Cendrillon, Glyndebourne Festival review - busy but engaging | reviews, news & interviews
Cendrillon, Glyndebourne Festival review - busy but engaging
Cendrillon, Glyndebourne Festival review - busy but engaging
Gentle update of Massenet's charmer can misfire, but the Cinderella story keeps its magic
Cendrillon is Jules Massenet’s operatic version of Cinderella, based on the Charles Perrault story of 1698. It is a fairly faithful to the story we know, although it includes a dark third act, the scene after the ball, where Cendrillon attempts suicide. But, of course, the spirits intervene, and all ends happily.
It is a grand affair for touring opera, though the origins are clear from the reflective surround used to increase the apparent scale of the set (by Jon Bausor). The background is made up of four revolving translucent prismic columns, variously depicting the mansion of Cendrillon and her step family, neon colonnades at the ball, and, when each is filled with a tree, the enchanted forest of that dark third act. It is most effective in the ball scene, where the faces of the four columns are suddenly illuminated as the figures of a digital clock, with Cendrillon and the Prince trapped in adjacent numbers as the readout approaches midnight.
Most of the designs and costumes (by Nicky Gillibrand) suggest the modern day, with only a few explicit updatings—the stepsisters take a selfy when they have dolled up, Cendrillon’s suicide attempt is by overdose. But generally, Shaw retains a timeless, fairytale quality. She adds a young girl as a mute observer—perhaps this is the child’s dream, perhaps she is young Cendrillon—an invitation for Glyndebourne’s (fairly senior) audience to see the story through a child’s eyes. More effective is Shaw’s use of butterflies to symbolise love and freedom: When Cendrillon is transformed by the Fairy Godmother, she steps into a suit bag as if it were a pupa, reappearing in her ball gown. Danielle de Niese gives a clear and lyrical account of the title role. Her voice is a little too assertive and muscular for such a juvenile presence, but she makes up for it in sheer star power. De Niese can act, dance, seduce, she can even change into a ball gown while dancing in a suit bag—she’s got the whole act, and she dominates the stage from beginning to end. The stepmother (Agnes Zwierko) and stepsisters (Eduarda Melo, Julie Pasturaud, all pictured bottom, with Adam Marsden as the King) are presented as chavvy grotesques, all neon Lycra and cheap bling. That sits uneasily with their generally lyrical music, but makes for effective, if bawdy, comedy, and is also, thankfully, the production’s only allusion to pantomime. The Belgian baritone Lionel Lhote has the advantages of native French and a paternal disposition in the role of Pandolfo, Cendrillon’s father, though the production never seems to know quite what to do with him. Most of the smaller roles are taken by members of the Glyndebourne Chorus, and several shine, particularly the rich-toned Romanas Kudriašovas as the Master of Ceremonies and the energetic Anthony Osborne as the Dean.

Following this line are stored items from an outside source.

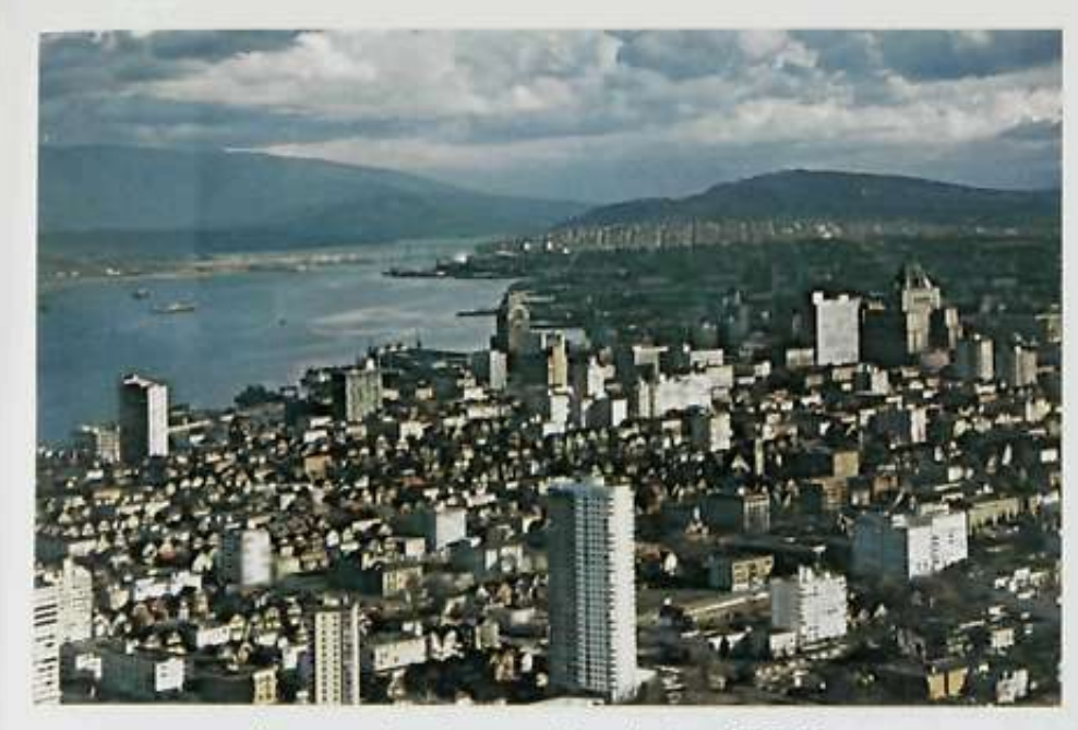
Vancouver today has a population of almost 1,000,000.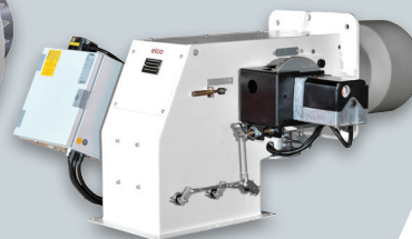
D-TRON 230 - 34000 kW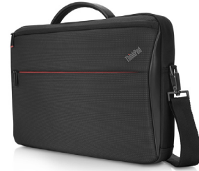
ThinkPad 14-inch Professional Slim Topload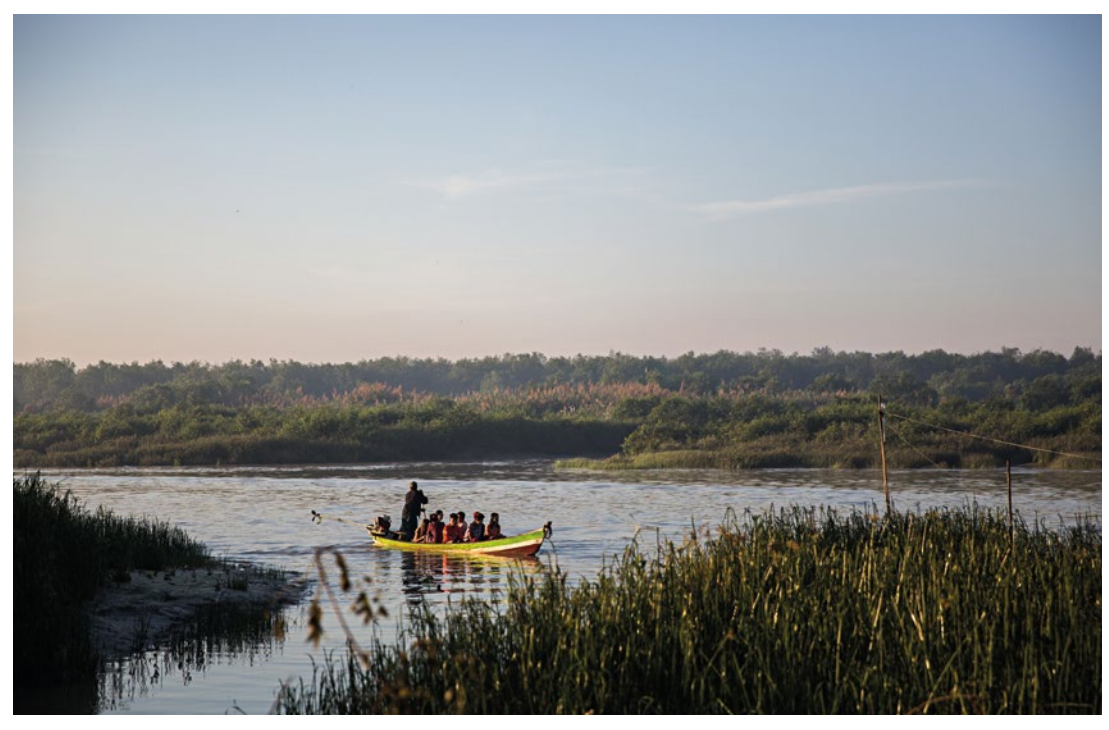
Garment factory workers travel by boat to work in the morning from a small village across the canal.

supplier list mentioned a number of factory names that no longer appear on the December 2016 version. According to C&A, one of the factories could not meet C&A's delivery deadlines. At two other factories, production was suspended due to poor audit results.

Best of all is the Fairy Godmother, sung by Nina Minasyan (pictured above). Massenet brings plenty of magic to this role, written for a high coloratura soprano, much of it in wordless vocalise. Manasyan has the ideal lightness and agility of tone, and is aided at each appearance by atmospheric lighting effects and her group of six singing and dancing spirits. Shaw saves her most radical reimagining for Prince Charming. The role is for a female singer, sung with suitably uncompromising ardour by Kate Lindsey, and Shaw explains that she sought to represent the character as a child’s (Cendrillon’s) image of an ideal prince. So, Cendrillon is added to the scene where the prince is introduced, as if she is willing him into existence. This is the one scene in the production that really doesn’t work, the Prince being roused from bed now transformed into an operation to remove his heart and replace it with an alarm clock—unnecessary and gruesome. At the end, the Prince is revealed to be one of the female servants in Cendrillon’s house. The gender ambiguity is very causal—Cendrillon doesn’t care, so why should we? It sets up a role reversal for the final scene, with Cendrillon choosing the Prince from a line-up. This makes a nonsense of the narrative, but it doesn’t matter, by then the opera is over.
John Wilson conducts a light and efficient reading of Massenet’s colourful score. He doesn’t linger on the orchestral details, all beautifully rendered by the London Philharmonic, and restrains the dynamics, putting the music to the service of the stage action, and perfectly complementing Shaw’s evocative fairytale world.